DATA IN THIS EXERCISE:
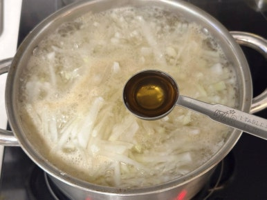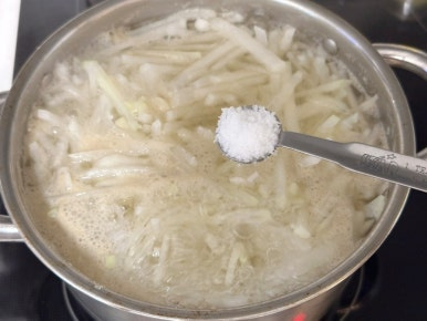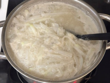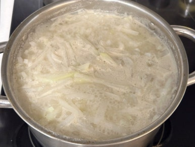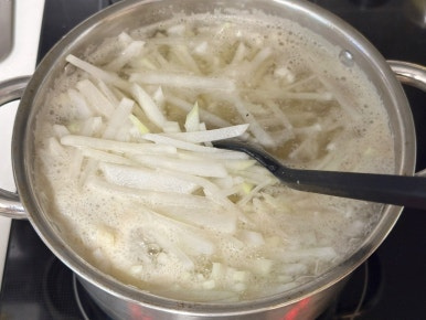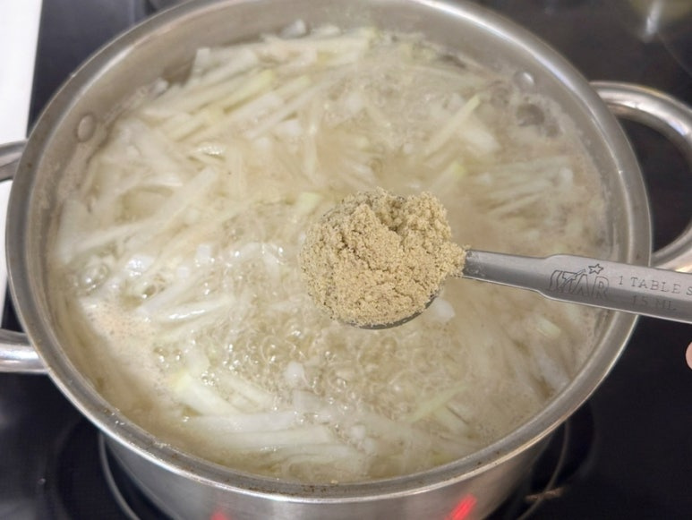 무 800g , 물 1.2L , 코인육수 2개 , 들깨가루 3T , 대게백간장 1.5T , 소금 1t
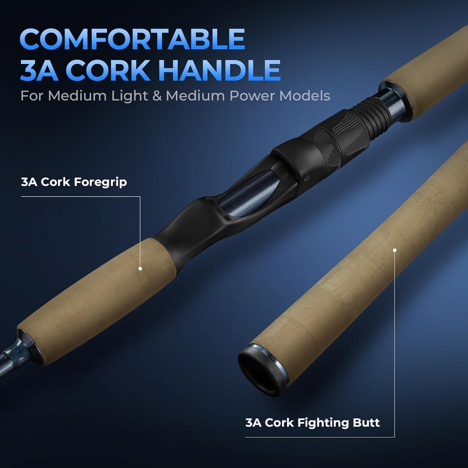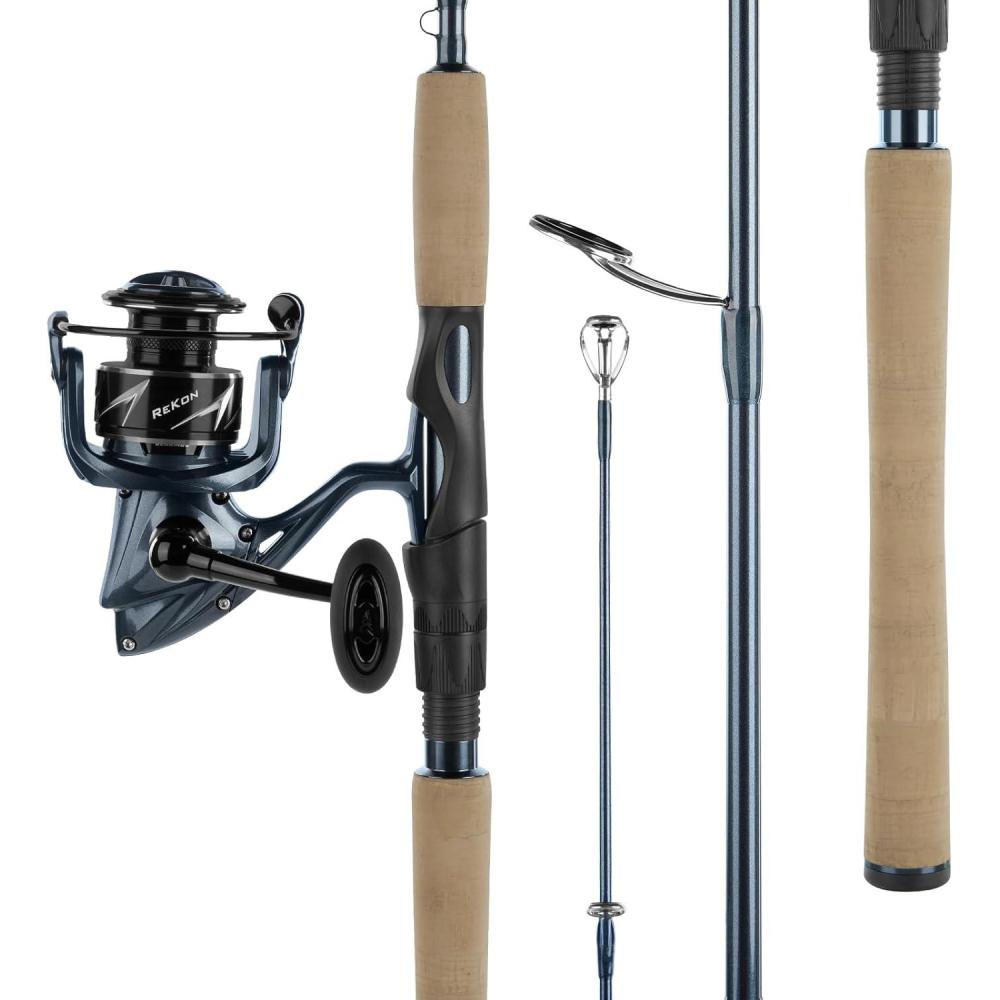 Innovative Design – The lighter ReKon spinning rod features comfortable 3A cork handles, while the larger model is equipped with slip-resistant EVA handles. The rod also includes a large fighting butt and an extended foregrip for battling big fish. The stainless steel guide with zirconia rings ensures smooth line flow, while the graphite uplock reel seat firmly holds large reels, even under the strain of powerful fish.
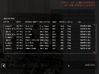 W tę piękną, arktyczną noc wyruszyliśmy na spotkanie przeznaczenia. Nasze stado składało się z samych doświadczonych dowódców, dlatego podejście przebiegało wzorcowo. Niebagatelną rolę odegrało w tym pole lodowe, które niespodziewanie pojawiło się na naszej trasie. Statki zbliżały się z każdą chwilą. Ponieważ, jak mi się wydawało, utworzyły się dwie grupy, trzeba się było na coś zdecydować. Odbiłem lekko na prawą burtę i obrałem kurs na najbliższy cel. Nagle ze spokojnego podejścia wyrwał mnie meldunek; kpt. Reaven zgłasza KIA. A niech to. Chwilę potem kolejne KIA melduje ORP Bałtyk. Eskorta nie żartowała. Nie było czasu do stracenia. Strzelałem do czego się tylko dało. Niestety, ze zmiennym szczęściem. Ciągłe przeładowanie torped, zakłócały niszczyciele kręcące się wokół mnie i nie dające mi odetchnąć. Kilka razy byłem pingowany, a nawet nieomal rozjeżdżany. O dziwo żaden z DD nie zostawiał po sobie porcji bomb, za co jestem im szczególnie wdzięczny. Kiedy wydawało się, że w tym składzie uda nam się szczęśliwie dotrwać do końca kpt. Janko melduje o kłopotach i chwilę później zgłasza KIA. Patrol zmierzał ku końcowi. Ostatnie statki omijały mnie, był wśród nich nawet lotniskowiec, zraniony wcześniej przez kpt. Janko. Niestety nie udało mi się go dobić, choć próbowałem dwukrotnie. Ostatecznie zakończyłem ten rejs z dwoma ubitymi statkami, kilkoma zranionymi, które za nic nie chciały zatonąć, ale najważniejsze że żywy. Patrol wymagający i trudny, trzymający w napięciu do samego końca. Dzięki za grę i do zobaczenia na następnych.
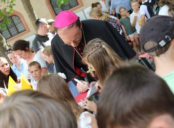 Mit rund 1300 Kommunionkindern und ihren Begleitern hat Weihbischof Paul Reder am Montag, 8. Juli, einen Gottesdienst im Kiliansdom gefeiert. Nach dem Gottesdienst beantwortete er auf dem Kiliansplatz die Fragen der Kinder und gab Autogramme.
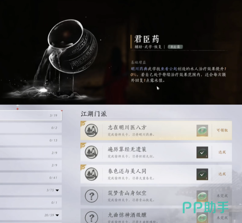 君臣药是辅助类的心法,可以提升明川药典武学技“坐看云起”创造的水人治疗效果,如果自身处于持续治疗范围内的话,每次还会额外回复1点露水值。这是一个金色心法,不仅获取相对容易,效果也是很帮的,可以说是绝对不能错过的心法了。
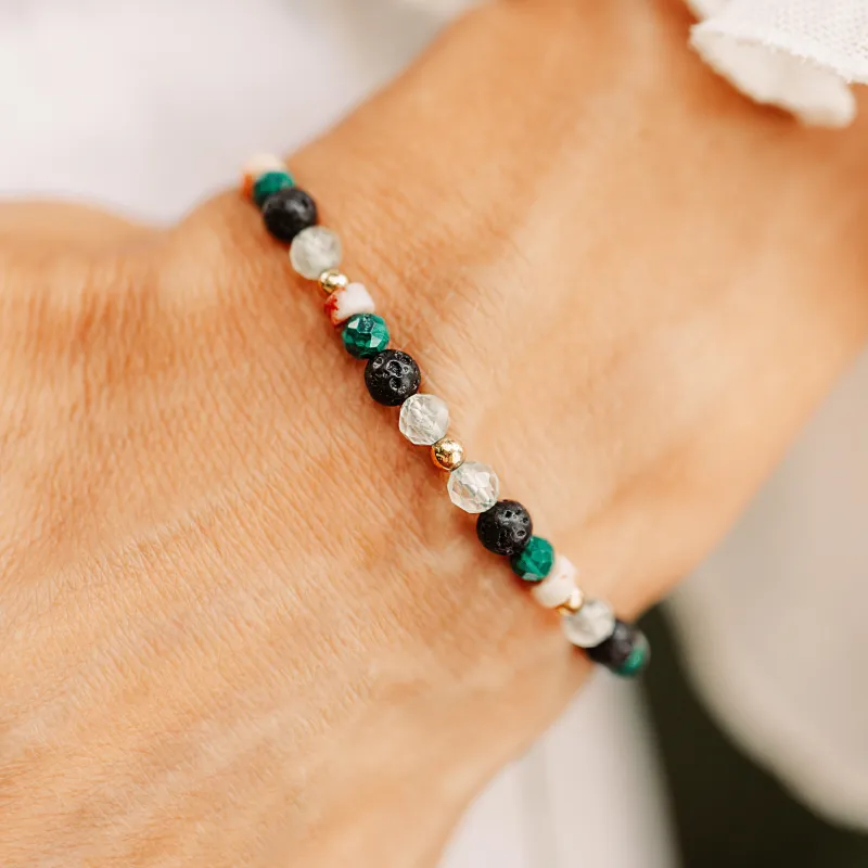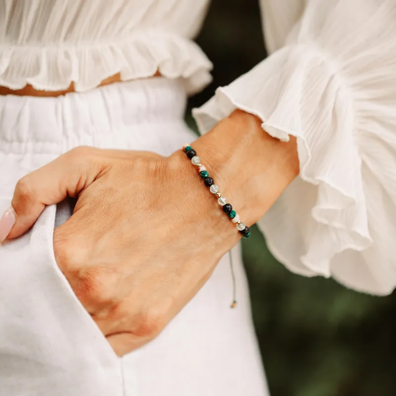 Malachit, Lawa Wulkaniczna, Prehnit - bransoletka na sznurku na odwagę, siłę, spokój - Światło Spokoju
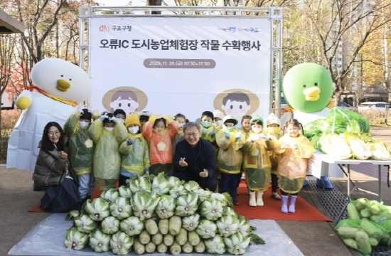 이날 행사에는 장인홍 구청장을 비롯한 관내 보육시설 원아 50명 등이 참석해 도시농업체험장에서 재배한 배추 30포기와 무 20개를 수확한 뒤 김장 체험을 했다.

==

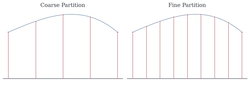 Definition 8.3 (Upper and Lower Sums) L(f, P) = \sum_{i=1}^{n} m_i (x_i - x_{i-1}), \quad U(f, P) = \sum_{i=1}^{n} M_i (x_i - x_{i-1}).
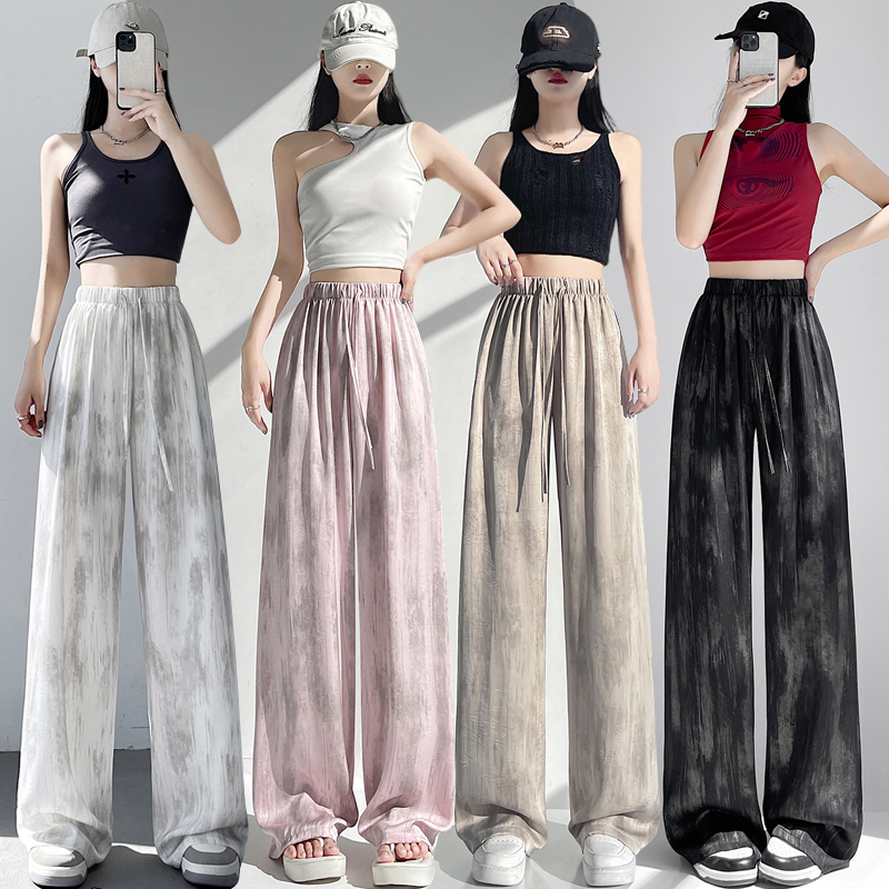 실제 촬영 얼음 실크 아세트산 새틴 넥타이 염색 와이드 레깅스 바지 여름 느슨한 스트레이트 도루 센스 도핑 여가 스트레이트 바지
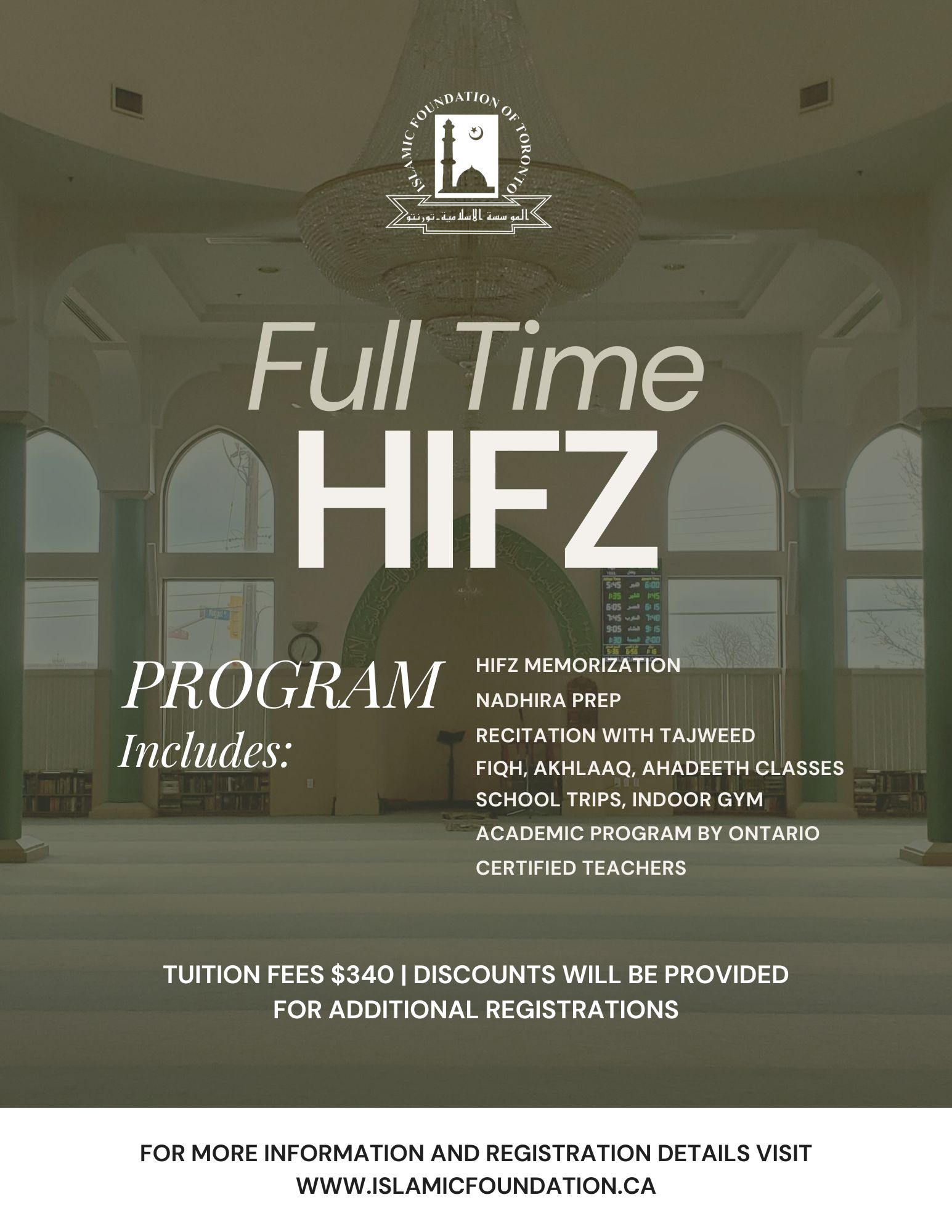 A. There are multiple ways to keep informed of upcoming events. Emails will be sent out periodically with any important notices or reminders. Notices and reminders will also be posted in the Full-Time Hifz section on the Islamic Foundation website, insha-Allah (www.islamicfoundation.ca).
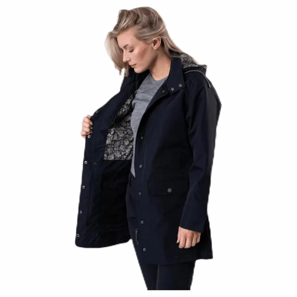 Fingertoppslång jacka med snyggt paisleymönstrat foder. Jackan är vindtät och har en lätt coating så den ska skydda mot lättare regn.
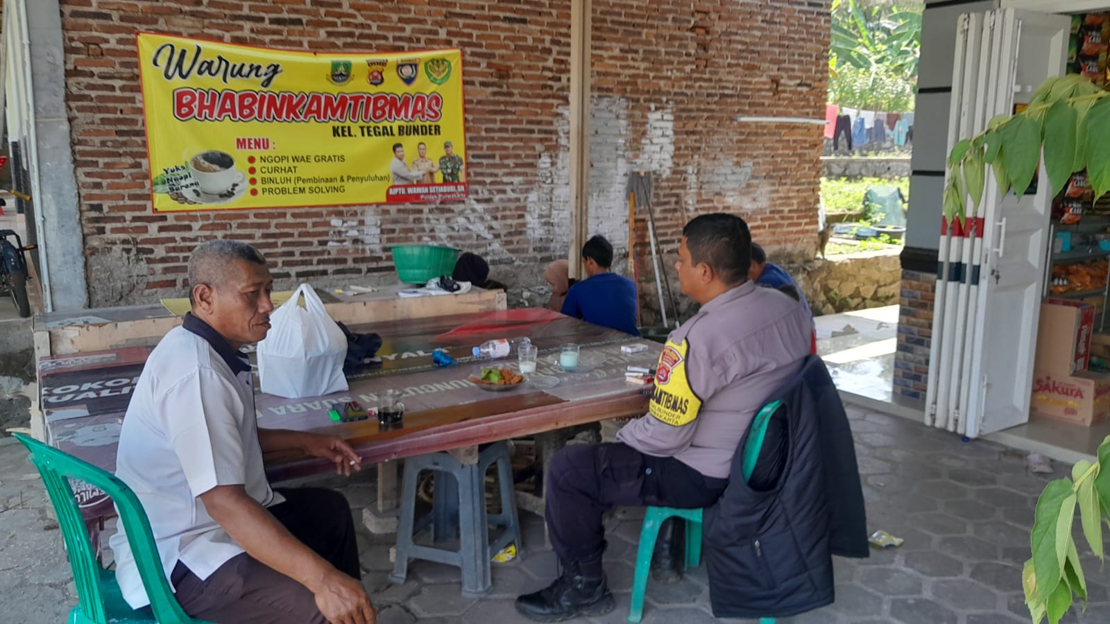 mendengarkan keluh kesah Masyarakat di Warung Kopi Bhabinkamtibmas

--

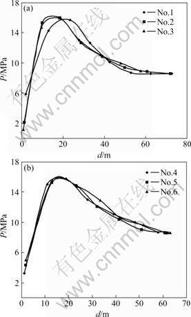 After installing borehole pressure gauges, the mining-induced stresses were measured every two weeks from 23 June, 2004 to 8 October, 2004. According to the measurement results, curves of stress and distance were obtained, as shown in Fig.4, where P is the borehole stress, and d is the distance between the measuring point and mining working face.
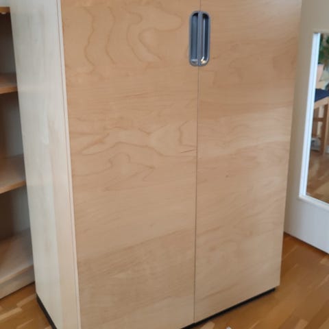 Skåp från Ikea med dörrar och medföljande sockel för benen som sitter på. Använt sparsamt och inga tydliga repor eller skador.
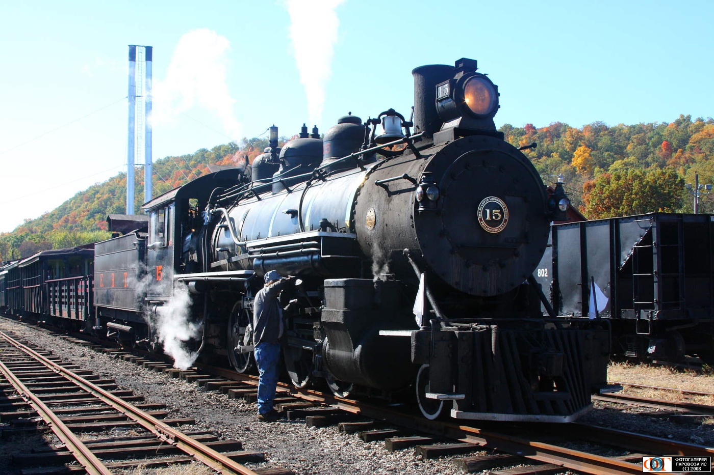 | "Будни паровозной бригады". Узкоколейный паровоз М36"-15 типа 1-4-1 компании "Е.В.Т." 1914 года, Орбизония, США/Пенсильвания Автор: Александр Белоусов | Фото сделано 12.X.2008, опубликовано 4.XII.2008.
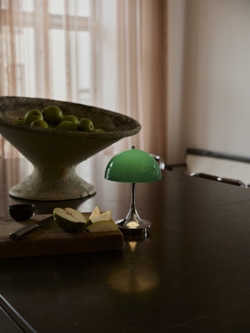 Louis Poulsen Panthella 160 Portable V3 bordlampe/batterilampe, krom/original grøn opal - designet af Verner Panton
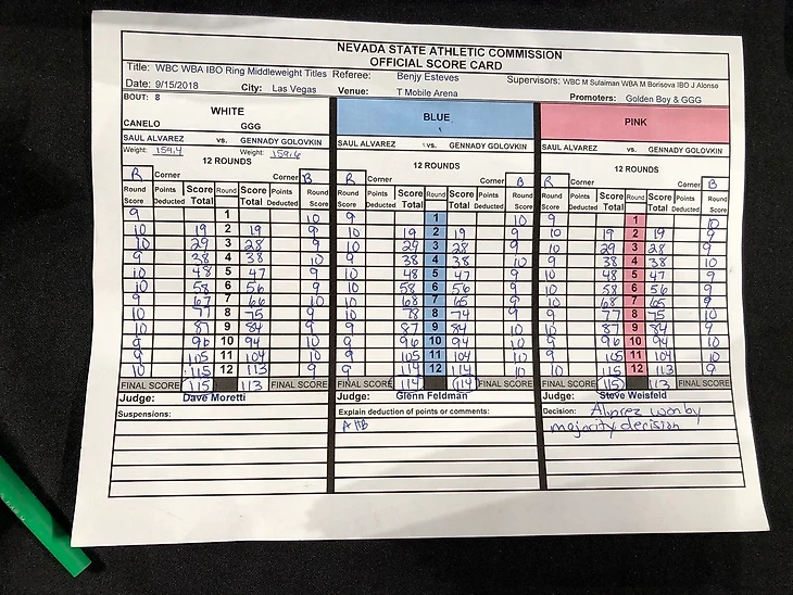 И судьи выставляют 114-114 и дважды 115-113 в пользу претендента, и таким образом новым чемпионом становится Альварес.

THE TASK:
Beginning with the line above that contains "무 800g , 물 1.2L" and ending with the line that contains "Innovative Design –", quote each line exactly, keeping out the pictures.

WRITTEN RESPONSE:
 무 800g , 물 1.2L , 코인육수 2개 , 들깨가루 3T , 대게백간장 1.5T , 소금 1t
 Innovative Design – The lighter ReKon spinning rod features comfortable 3A cork handles, while the larger model is equipped with slip-resistant EVA handles. The rod also includes a large fighting butt and an extended foregrip for battling big fish. The stainless steel guide with zirconia rings ensures smooth line flow, while the graphite uplock reel seat firmly holds large reels, even under the strain of powerful fish.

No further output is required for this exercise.